The blanks might be a bit confusing for our purposes, so let’s consider only four keystroke sequences that have no blanks. There are 26*26*26*26 ( 456,976) of these. This would fit in with the assumption that we had a slightly trained monkey – assume that we have taught the monkey to only press the space key when he/she has completed a “word”.

Now, of the 456,976 four letter key sequences, how many of these are actually words? There are 2006 pages of definitions of words in Webster’s New 20^{th} Century Dictionary of the English Language (1951). It has been estimated that there are 13 four letter words on a particular dictionary page of many dictionaries. This would mean that there are approximately 13*2006, or 26,078 four letter words in the English language. This estimate is probably on the high side, because the longer dictionaries, such as this, will probably tend to have many more complex words of greater than average length than dictionaries meant for typical high school type usage. Some have estimated that the number of four letter words in the English language is more likely in the 6000-8000 range.

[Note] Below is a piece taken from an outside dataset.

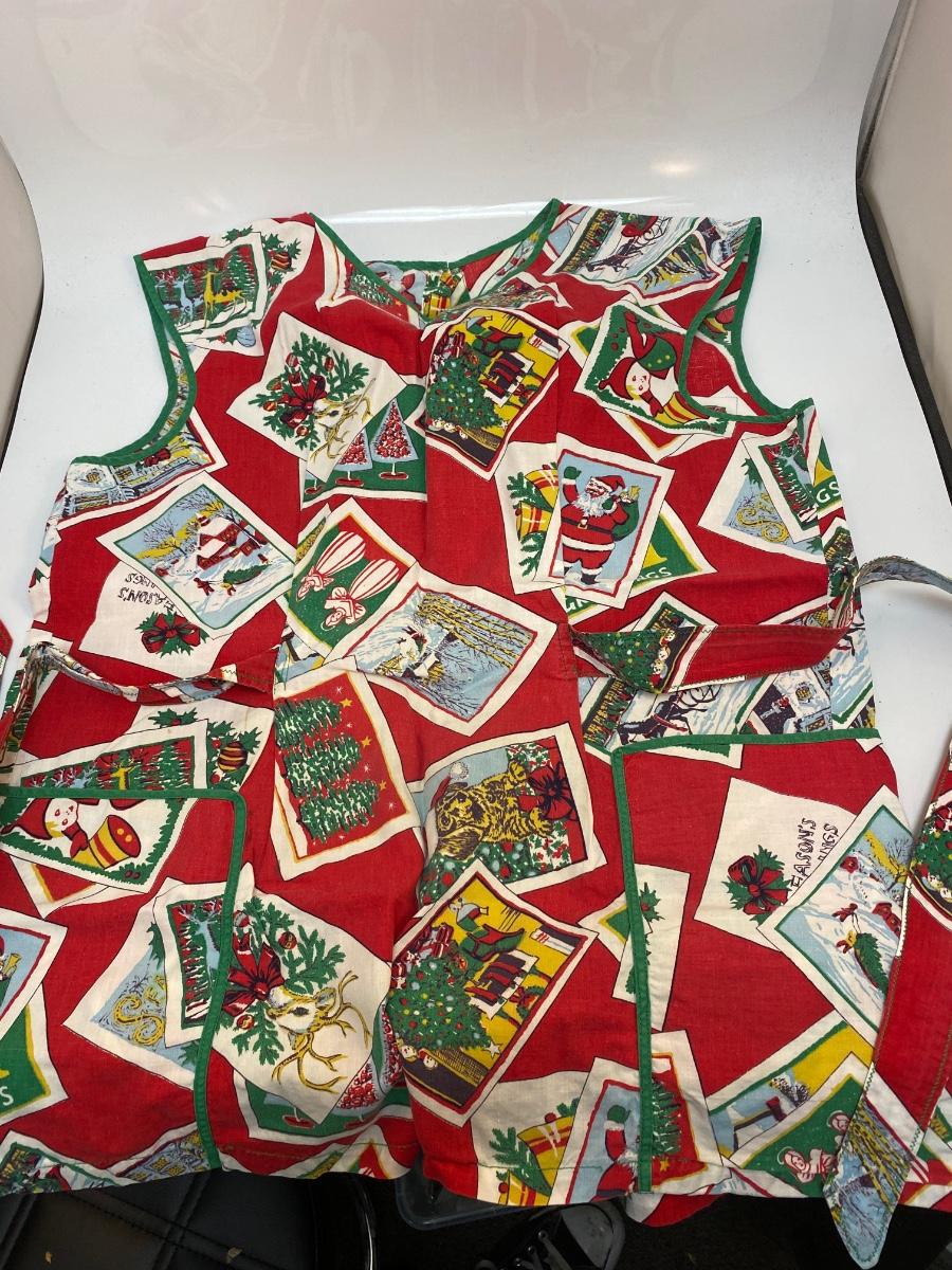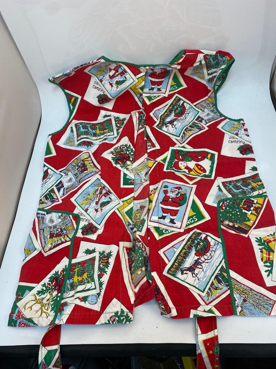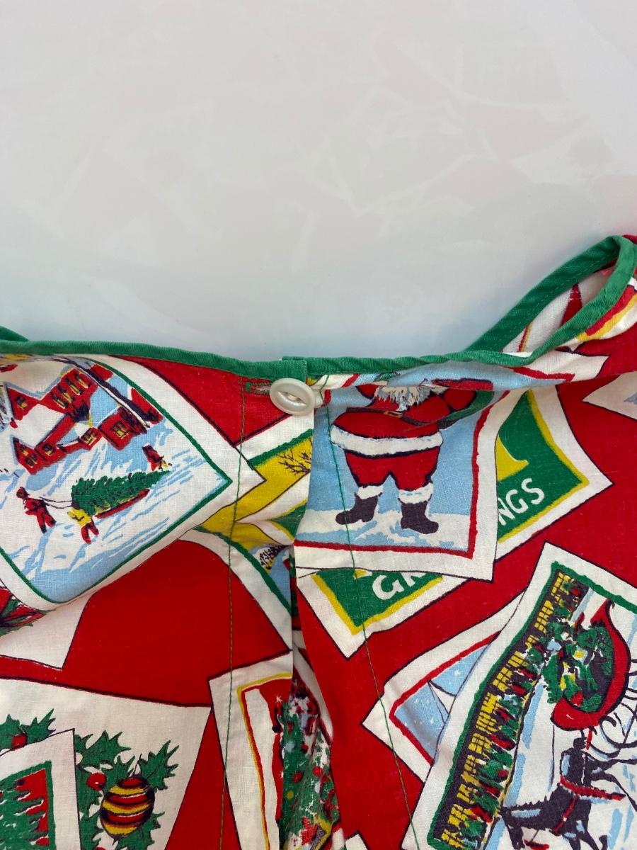 Vintage Christmas Holiday Smock Apron Button Neck Tie Waist

In any case, let’s go with the higher number of four-letter words (26,078), because that will increase the monkey’s chances of getting a word when randomly typing. This would mean that based on pure random choices of 4 consecutive letters, a monkey has approximately a 5.7% chance of typing an actual word (26078/456,976). In turn, this would mean that the chance that a monkey could type two four letter words in a row is approximately 33 out of 10,000 or a probability of .0033 ( .0057 x .0057). The chance that a monkey could type four four letter words in a row is therefore approximately .0033 squared or .000011 (i.e., 11 chances out of a million). What then would the chances be of a monkey typing two consecutive sentences each of four four letter words? It would be approximately the square of .000011, or 121 times out of a billion. If the monkey were to be expected to type some five letter and six letter words, as well as four letter words, the chances would be even lower, because it is less likely to randomly type a five letter word, etc. The longer the word, the less likely it is that the monkey will guess at it.

So let’s take stock of where we are right now: In a billion tries, a monkey would be likely to type two sentences each of four words of length four in about 121 of these tries. If a monkey types one word per second, or sixty words per minute (which would put that monkey into contention for a good secretarial job), how long would it take the monkey to type 8 billion words (each set of 2 sentences consists of 8 letters, and we are giving the monkey one billion chances)? It would take the monkey slightly longer than 92,592 and a half days to type 8 billion words, or approximately 253 years. The lifespan of a monkey depends on the particular subspecies but for our purposes, we can assume that 20 years is a typical monkey’s lifespan. So, if we took 12 or 13 monkeys, trained them to type, and set them to doing so 24 hours a day, 7 days a week, for their entire lives, we would get about 121 sets of 8 consecutive four letter words. Now, not every collection of consecutive words makes sense or is good grammar. We could try to estimate that, but let’s not bother, because we can next ask ourselves how good the chances are of getting four consecutive sentences each of four four letter words. The answer is that it is about 1.4 out of 10 to the fourteenth power, which is so low as to defy the odds that our collection of monkeys could accomplish that.

What should now be obvious is that the likelihood of a monkey randomly typing a Shakespearean play is going to be so low as to be impossible for all practical purposes. Even if you believed that a monkey could succeed in randomly typing thousands of words, that monkey would then face the challenge of getting these words to have the deep and rich structure that we find in Shakespeare’s works. If you were to continue to try to calculate these odds, the numbers would be so astronomically large that there wouldn’t be enough time in the universe to achieve such a work of prose.

So, in short, the answer is “No, a monkey could not type a work of Shakespeare by randomly picking keys on the keyboard.” If you’ve gotten this far, you may feel like saying a few four letter words yourself!